● Aim of the task: Reproduce the whole listing word for word. Leave every image out.

● Collected material:

-*-*-

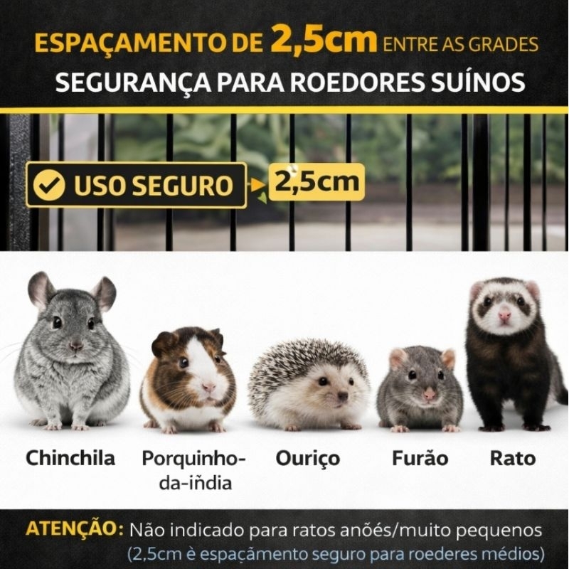 A Gaiola para Pequenos Roedores Preta foi desenvolvida para oferecer segurança, conforto e praticidade no dia a dia. Com estrutura reforçada e espaço interno amplo, é ideal para quem busca um ambiente adequado e durável para seus pets. Seu design permite boa circulação de ar, garantindo um ambiente mais saudável, além de facilitar o acesso para limpeza e manejo diário. Indicada para: Porquinho-da-Índia Chinchila Coelho Furão Outros pequenos animais de porte semelhante Principais benefícios: Estrutura reforçada: mais resistência e durabilidade Espaçosa: maior liberdade de movimento para o animal Segura: reduz riscos de fuga Fácil de limpar: manutenção prática e rápida Excelente ventilação: conforto térmico para o pet Ideal tanto para uso doméstico quanto para quem busca uma gaiola funcional, robusta e fácil de manter. Produto enviado bem embalado. Em caso de dúvidas, utilize o campo de perguntas. * Imagens ilustrativas Conteúdo da embalagem: - 1x Gaiola ; - 1x Bandeja de dejetos removível; - 1x Comedouro; - 1x Kit de rodinhas de locomoção; - 1x Bebedouro.
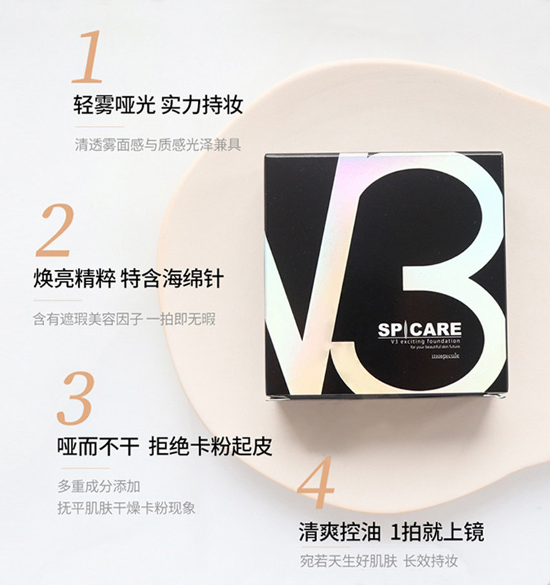 Japan Spacare natural microneedle water light V3 air cushion powder bottom liquid lifting and flawless lasting moisturizing skin 15g
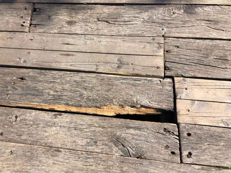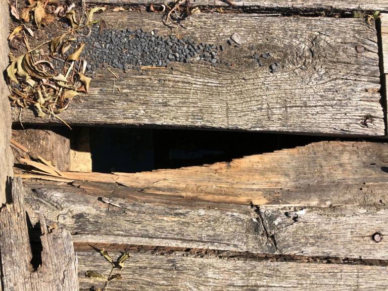 Most je zaradi velikih lukenj nujno potreben sanacije, ker je v nasprotnem primeru zelo nevaren za promet.
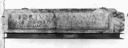 Fortunae fànum, / ab C(aio) Vìbio Vàro patre inchoatum, / Q(uintus) Caesius Macrinus perf

-*-*-

● Solution to the exercise:
 A Gaiola para Pequenos Roedores Preta foi desenvolvida para oferecer segurança, conforto e praticidade no dia a dia. Com estrutura reforçada e espaço interno amplo, é ideal para quem busca um ambiente adequado e durável para seus pets. Seu design permite boa circulação de ar, garantindo um ambiente mais saudável, além de facilitar o acesso para limpeza e manejo diário. Indicada para: Porquinho-da-Índia Chinchila Coelho Furão Outros pequenos animais de porte semelhante Principais benefícios: Estrutura reforçada: mais resistência e durabilidade Espaçosa: maior liberdade de movimento para o animal Segura: reduz riscos de fuga Fácil de limpar: manutenção prática e rápida Excelente ventilação: conforto térmico para o pet Ideal tanto para uso doméstico quanto para quem busca uma gaiola funcional, robusta e fácil de manter. Produto enviado bem embalado. Em caso de dúvidas, utilize o campo de perguntas. * Imagens ilustrativas Conteúdo da embalagem: - 1x Gaiola ; - 1x Bandeja de dejetos removível; - 1x Comedouro; - 1x Kit de rodinhas de locomoção; - 1x Bebedouro.
 Japan Spacare natural microneedle water light V3 air cushion powder bottom liquid lifting and flawless lasting moisturizing skin 15g
 Most je zaradi velikih lukenj nujno potreben sanacije, ker je v nasprotnem primeru zelo nevaren za promet.
 Fortunae fànum, / ab C(aio) Vìbio Vàro patre inchoatum, / Q(uintus) Caesius Macrinus perf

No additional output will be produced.